[Data provided Boundary: Start]

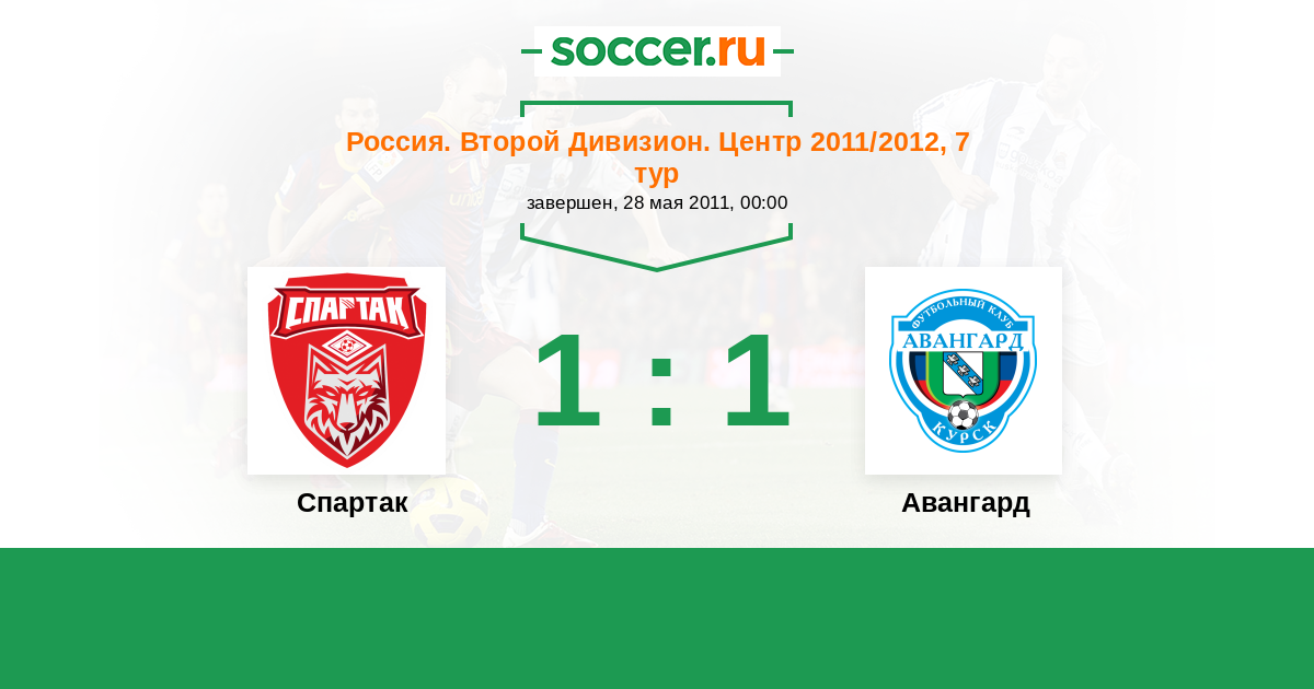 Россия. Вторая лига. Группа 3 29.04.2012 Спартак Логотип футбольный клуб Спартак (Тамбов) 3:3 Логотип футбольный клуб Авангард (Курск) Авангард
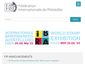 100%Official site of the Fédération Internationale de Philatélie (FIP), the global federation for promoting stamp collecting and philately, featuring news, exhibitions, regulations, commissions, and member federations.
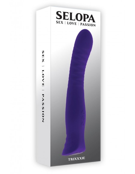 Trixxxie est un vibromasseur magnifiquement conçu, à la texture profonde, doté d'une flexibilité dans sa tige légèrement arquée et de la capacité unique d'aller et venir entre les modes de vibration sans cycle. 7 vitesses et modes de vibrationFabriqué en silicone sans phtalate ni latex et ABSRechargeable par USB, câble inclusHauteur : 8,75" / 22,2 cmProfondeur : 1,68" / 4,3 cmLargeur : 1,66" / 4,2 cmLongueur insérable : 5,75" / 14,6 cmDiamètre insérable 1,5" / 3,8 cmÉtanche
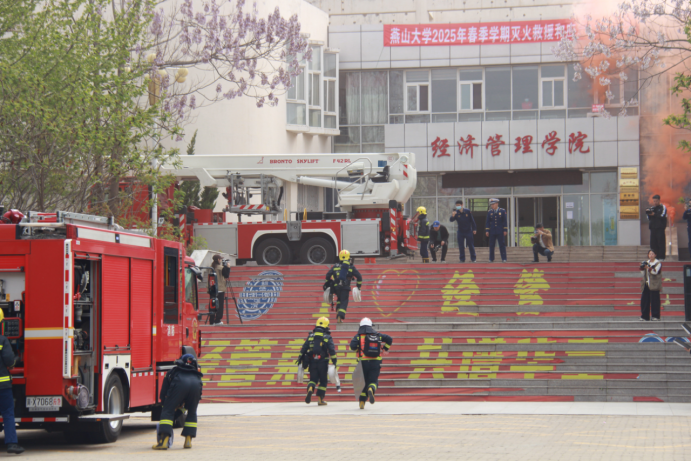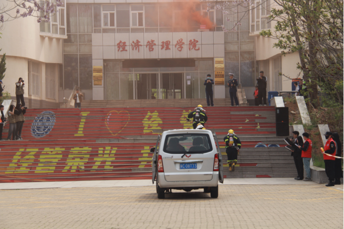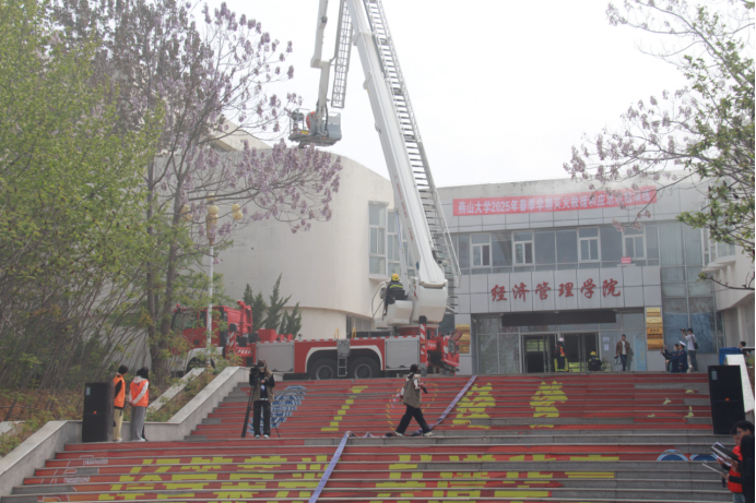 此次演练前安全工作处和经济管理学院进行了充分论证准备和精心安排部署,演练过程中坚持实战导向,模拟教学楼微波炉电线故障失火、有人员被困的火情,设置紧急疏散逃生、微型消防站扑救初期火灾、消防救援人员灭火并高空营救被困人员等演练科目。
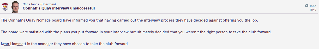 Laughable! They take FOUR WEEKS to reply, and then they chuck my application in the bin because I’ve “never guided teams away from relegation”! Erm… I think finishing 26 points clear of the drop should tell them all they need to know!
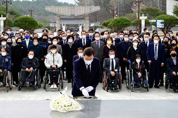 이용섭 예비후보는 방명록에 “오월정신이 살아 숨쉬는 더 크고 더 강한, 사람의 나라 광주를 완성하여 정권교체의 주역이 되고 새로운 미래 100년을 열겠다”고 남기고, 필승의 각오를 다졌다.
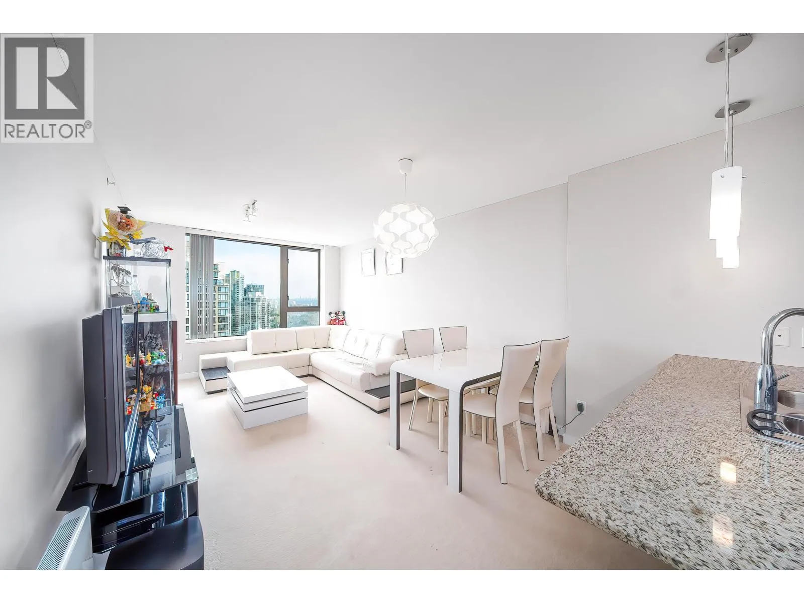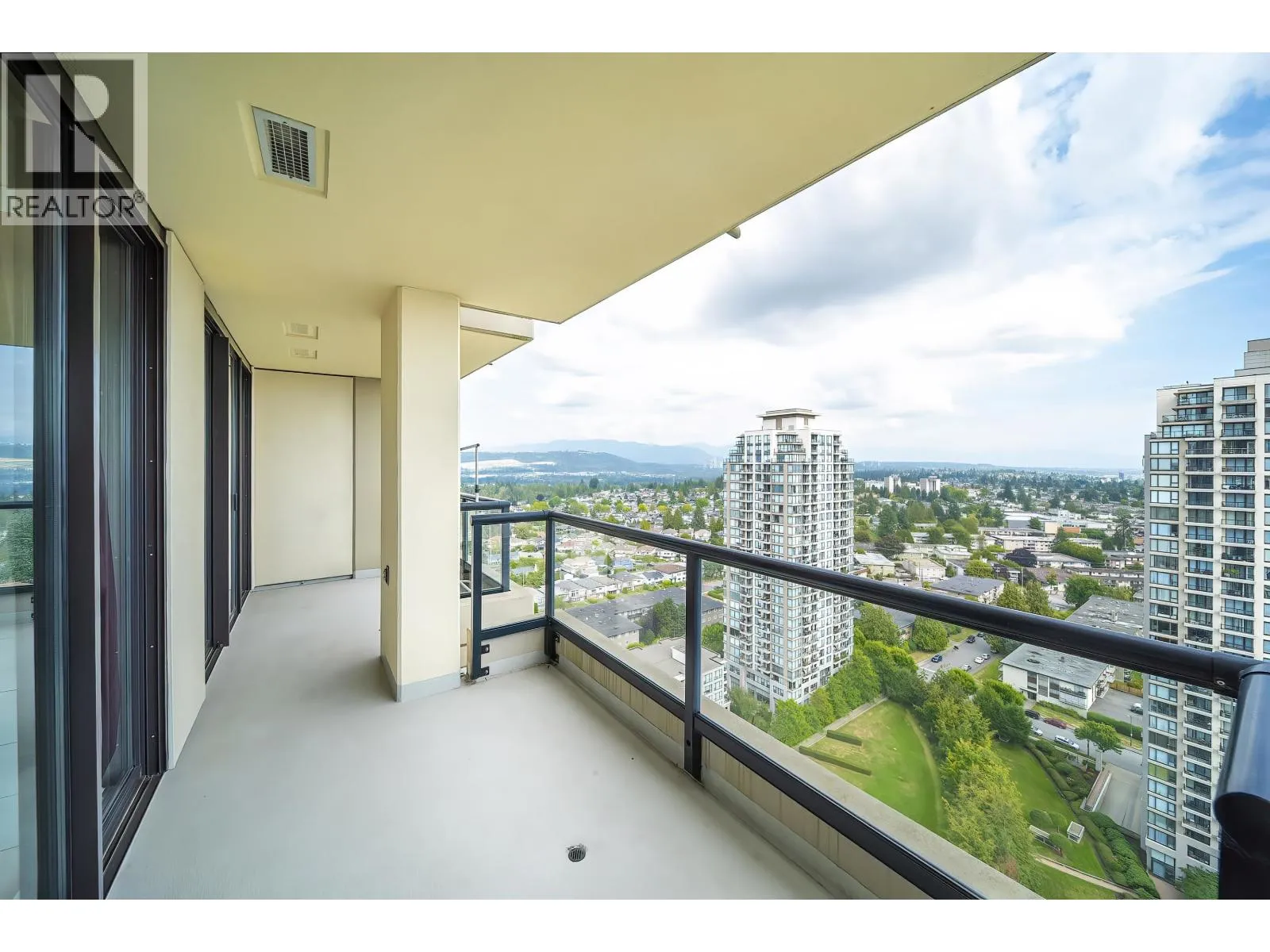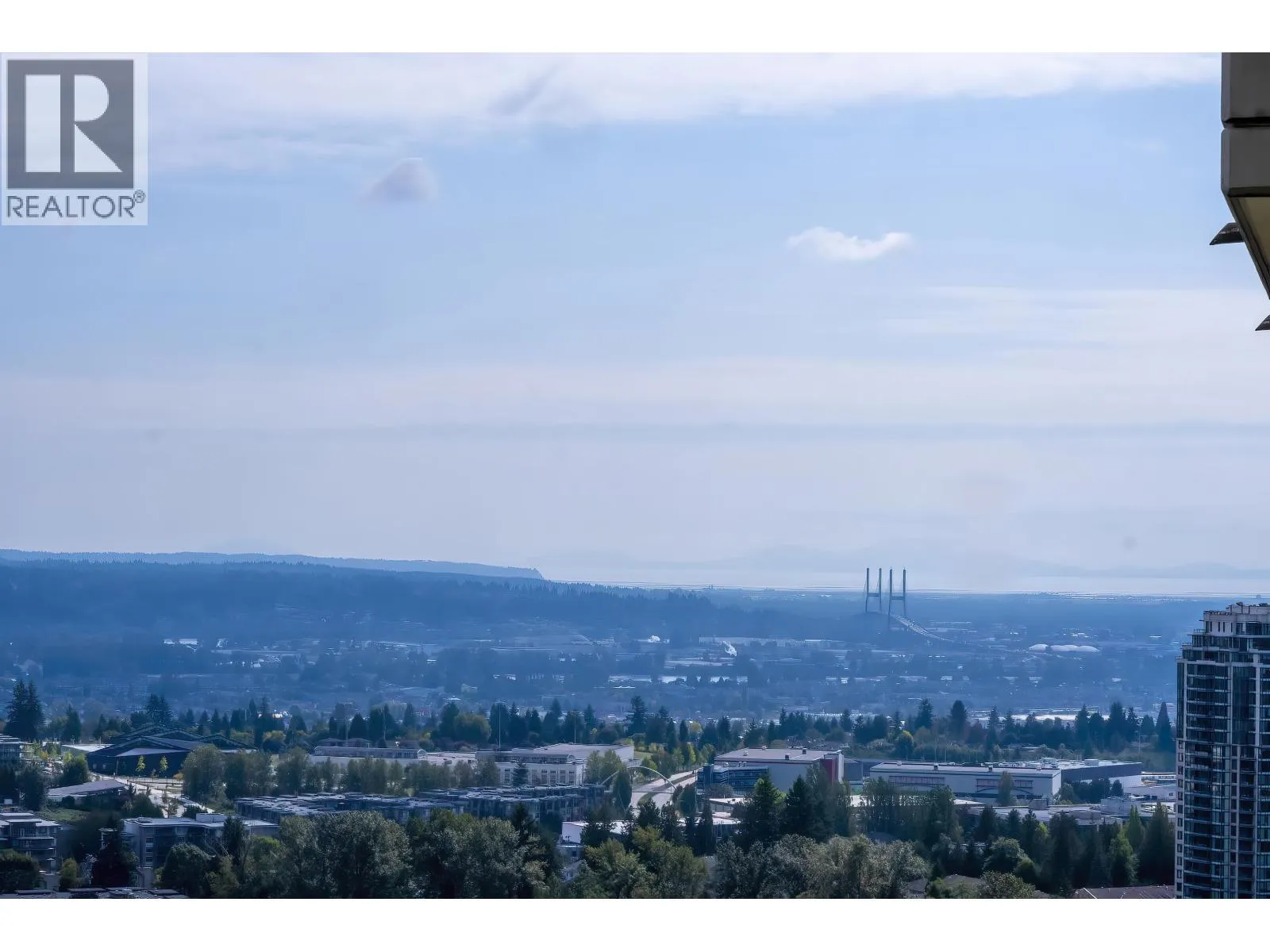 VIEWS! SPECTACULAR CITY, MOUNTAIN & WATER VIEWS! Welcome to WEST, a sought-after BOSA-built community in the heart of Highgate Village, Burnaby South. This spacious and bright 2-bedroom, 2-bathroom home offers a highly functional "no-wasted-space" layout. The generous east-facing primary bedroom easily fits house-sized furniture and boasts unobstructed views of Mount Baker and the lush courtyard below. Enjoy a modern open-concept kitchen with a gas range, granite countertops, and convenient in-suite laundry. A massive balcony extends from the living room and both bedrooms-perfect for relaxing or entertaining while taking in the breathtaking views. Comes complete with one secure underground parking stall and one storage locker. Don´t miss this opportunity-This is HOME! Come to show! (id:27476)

[Data provided Boundary: End]

** About this exercise **
Starting at the line that contains "이용섭 예비후보는 방명록에", reproduce exactly and only the lines through the end of the entries above, with the pictures excluded.

** Output **
 이용섭 예비후보는 방명록에 “오월정신이 살아 숨쉬는 더 크고 더 강한, 사람의 나라 광주를 완성하여 정권교체의 주역이 되고 새로운 미래 100년을 열겠다”고 남기고, 필승의 각오를 다졌다.
 VIEWS! SPECTACULAR CITY, MOUNTAIN & WATER VIEWS! Welcome to WEST, a sought-after BOSA-built community in the heart of Highgate Village, Burnaby South. This spacious and bright 2-bedroom, 2-bathroom home offers a highly functional "no-wasted-space" layout. The generous east-facing primary bedroom easily fits house-sized furniture and boasts unobstructed views of Mount Baker and the lush courtyard below. Enjoy a modern open-concept kitchen with a gas range, granite countertops, and convenient in-suite laundry. A massive balcony extends from the living room and both bedrooms-perfect for relaxing or entertaining while taking in the breathtaking views. Comes complete with one secure underground parking stall and one storage locker. Don´t miss this opportunity-This is HOME! Come to show! (id:27476)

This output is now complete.